In order to account for variability and uncertainty in electrophysiology and mechanics models, reduced order models and uncertainty quantification techniques have been exploited and developed; in particular, machine learning algorithms have been integrated in the framework of reduced order modeling to provide reliable and rapid evaluations of cardiac quantities of interest by changing physically meaningful parameters for cardiac electrophysiology.

Aiming at personalized treatment, we dealt with patient-specific geometries provided by our clinical partners. With this aim, we established and developed (semi-automatic) computational pipelines for the numerical simulation starting from image acquisition, geometry segmentation, and meshing procedures of the computational domain.

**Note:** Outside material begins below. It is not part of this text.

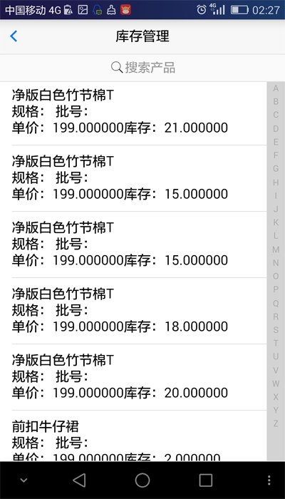 手機庫存查詢界面,可以實時查詢庫存情況

We started addressing a wide array of pathological conditions for the human heart in collaboration with several clinical partners. Among these, we tackled and numerically studied the most common and diffuse electric dysfunctions, like ischemia, ventricular tachycardia, and atrial fibrillation, other than highlighting their implications on the overall cardiac function in terms of mechanics and fluid dynamics behavior. Valve pathologies have been studied as well, mainly regarding the aortic and mitral valves. For the latter, our efforts were directed both on the understanding of the effects of the pathology, other than studying possible scenarios post-surgical intervention.
The research carried out within the project so far shows significant enhancements with respect to the state-of-the-art. The most remarkable one is the mathematical rigor that distinguishes all the advancements made in the development of core cardiac models, other than for their numerical integration. The work done in the first reporting period paves the way for a unique form of integration of core cardiac models towards the development of a fully coupled model for the whole cardiac function. Several outstanding clinical collaborations pushed mathematical modeling well towards clinical exploitation and the opportunity of effectively tackling cardiac pathological conditions with significant social and economic impacts. This is definitely beyond the state-of-the-art of current research in Mathematics.

The major result expected by the end of the project will be the development of a mathematically rigorous and fully integrated model for the human heart function that is able to account for all the core cardiac components. Software libraries will be delivered to the general public for the accurate and efficient solution of such cardiac model. We also expect to deliver "game changer" computational pipelines for the systematic treatment of several cardiac diseases and establish their clinical exploitation.